P-Value Calculation Examples
Example 1: Two-Tailed Z-Test (Significant)
A researcher tests whether a new drug changes blood pressure. They observe z = 2.50 with α = 0.05 (two-tailed).
Z = 2.50
p = 2 × (1 − Φ(2.50)) = 2 × 0.00621 = 0.0124
p (0.0124) < α (0.05)
Result: Statistically significant — reject H₀
Example 2: From Sample Statistics
A quality test: sample mean = 105, population mean = 100, σ = 15, n = 36 (two-tailed, α = 0.05).
SE = 15 / √36 = 2.5
Z = (105 − 100) / 2.5 = 2.0
p = 2 × (1 − Φ(2.0)) ≈ 0.0455
p (0.0455) < α (0.05)
Result: Statistically significant — the sample differs from the population mean
Example 3: Right-Tailed (Not Significant)
Testing if a new teaching method improves scores. Z = 1.20, α = 0.05 (right-tailed).
Z = 1.20
p = 1 − Φ(1.20) ≈ 0.1151
p (0.1151) ≥ α (0.05)
Result: Not significant — fail to reject H₀
Common P-Value Mistakes
- Misinterpreting the p-value — A p-value is NOT the probability that the null hypothesis is true. It is the probability of the observed data assuming the null is true.

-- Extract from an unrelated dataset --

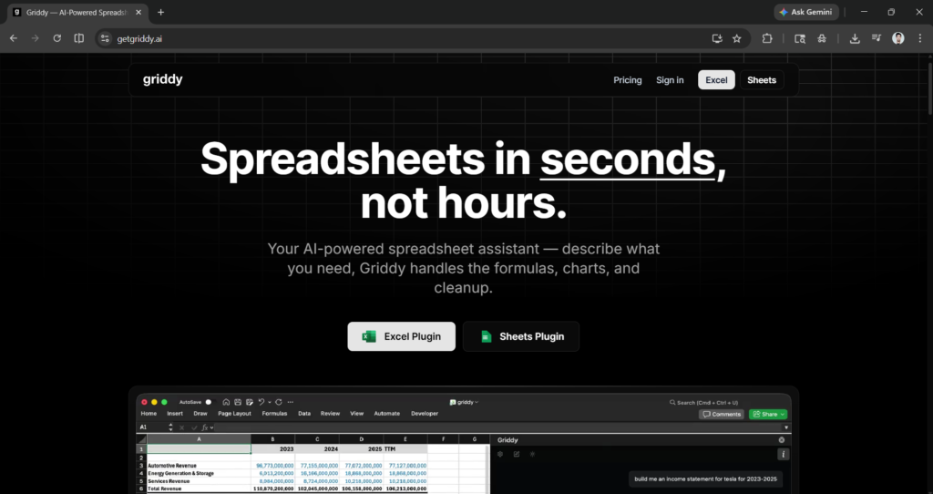 While power users are already finding ways to integrate generalized models like ChatGPT and Claude into their workflows, specialized plugins offer a more frictionless experience. Griddy AI is one of these specialized solutions, engineered to bridge the gap between complex data manipulation and plain English.
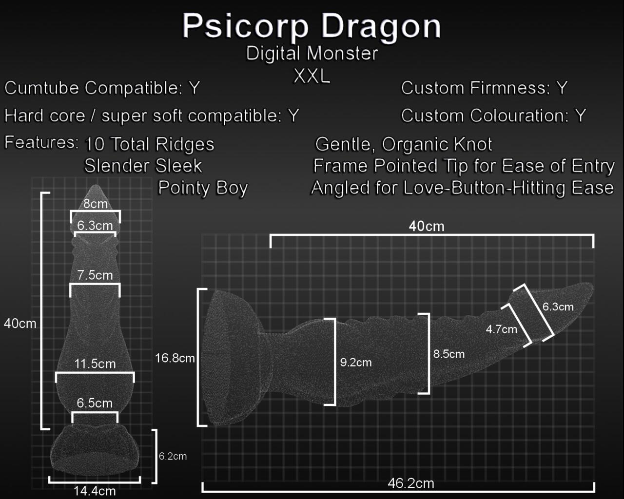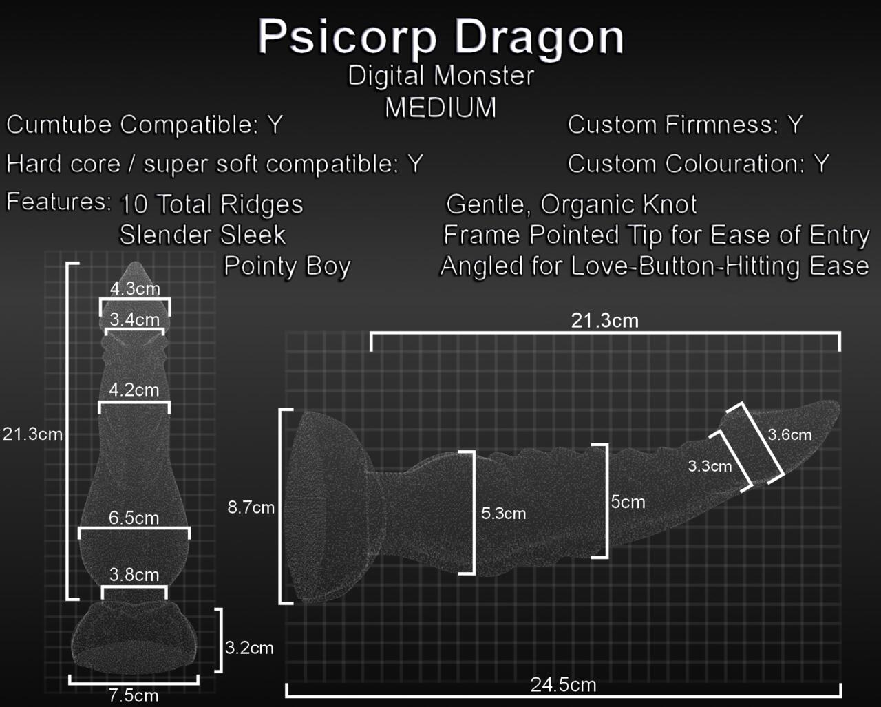 This toy was designed to mimic this fact, combining a sleek curve with bumps and ridges, providing clearly felt stimulation to anyone daring to try it out. Its base widens, almost to a knot-like structure, smoothly growing ever thicker until one crests the final rise, feeling the draconic shape softly lock within, holding on snugly.

- P-hacking — Running multiple tests and only reporting the significant ones inflates the false-positive rate. Pre-register your hypothesis and correction method.
- Switching from two-tailed to one-tailed after seeing results halves the p-value and is a form of p-hacking.
- Confusing statistical with practical significance — A tiny p-value with a large sample can indicate a trivially small effect. Always check effect size.
- Ignoring assumptions — Z-tests assume the population standard deviation is known and data is approximately normal. Use a t-test for small samples with unknown σ.
- Treating p = 0.049 and p = 0.051 as categorically different — The 0.05 threshold is a convention, not a hard rule. Report actual p-values and confidence intervals.